Segment Open

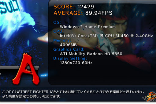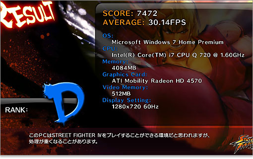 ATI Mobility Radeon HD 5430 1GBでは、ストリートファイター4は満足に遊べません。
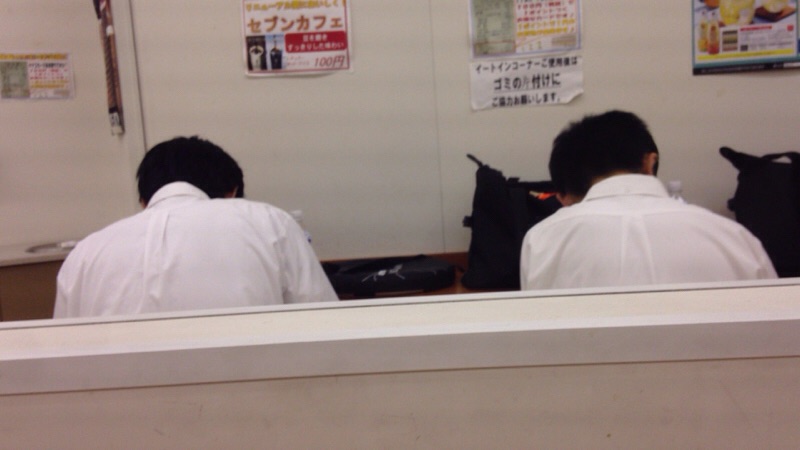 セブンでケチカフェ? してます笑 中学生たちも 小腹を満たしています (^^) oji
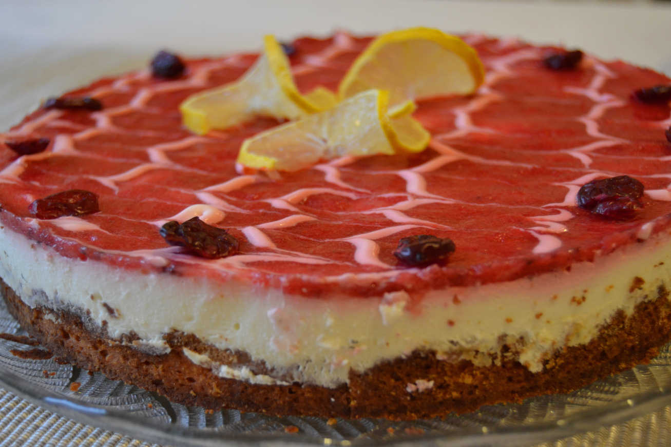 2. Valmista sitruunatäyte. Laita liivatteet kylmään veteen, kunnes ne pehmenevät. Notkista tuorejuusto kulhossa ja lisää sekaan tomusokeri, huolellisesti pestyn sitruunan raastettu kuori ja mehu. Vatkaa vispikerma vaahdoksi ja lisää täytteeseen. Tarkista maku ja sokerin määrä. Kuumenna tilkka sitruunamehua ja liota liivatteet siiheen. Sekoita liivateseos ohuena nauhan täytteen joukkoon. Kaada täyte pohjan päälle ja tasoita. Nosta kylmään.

Segment Closed
Segment Open

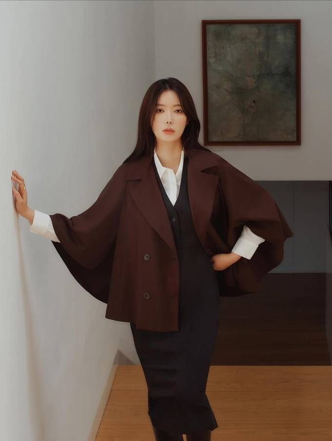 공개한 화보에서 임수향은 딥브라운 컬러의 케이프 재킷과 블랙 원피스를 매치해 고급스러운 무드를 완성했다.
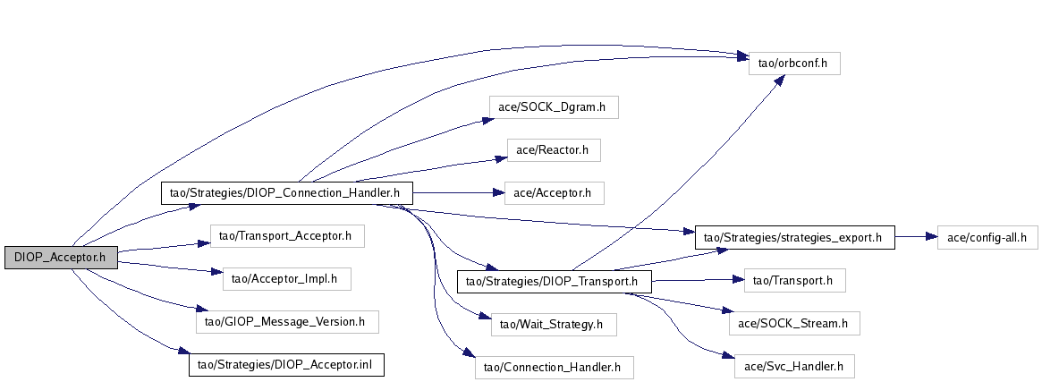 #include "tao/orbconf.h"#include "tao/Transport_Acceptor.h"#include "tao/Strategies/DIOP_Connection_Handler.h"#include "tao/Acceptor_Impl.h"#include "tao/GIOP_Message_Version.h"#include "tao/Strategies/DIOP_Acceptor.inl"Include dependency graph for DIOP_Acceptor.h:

Segment Closed

Write back the stretch of lines above that begins with the line holding "ATI Mobility Radeon" and ends with the line holding "セブンでケチカフェ? してます笑 中学生たちも 小腹を満たしています (^^) oji", both included, exactly as written. Pictures stay out.

 ATI Mobility Radeon HD 5430 1GBでは、ストリートファイター4は満足に遊べません。
 セブンでケチカフェ? してます笑 中学生たちも 小腹を満たしています (^^) oji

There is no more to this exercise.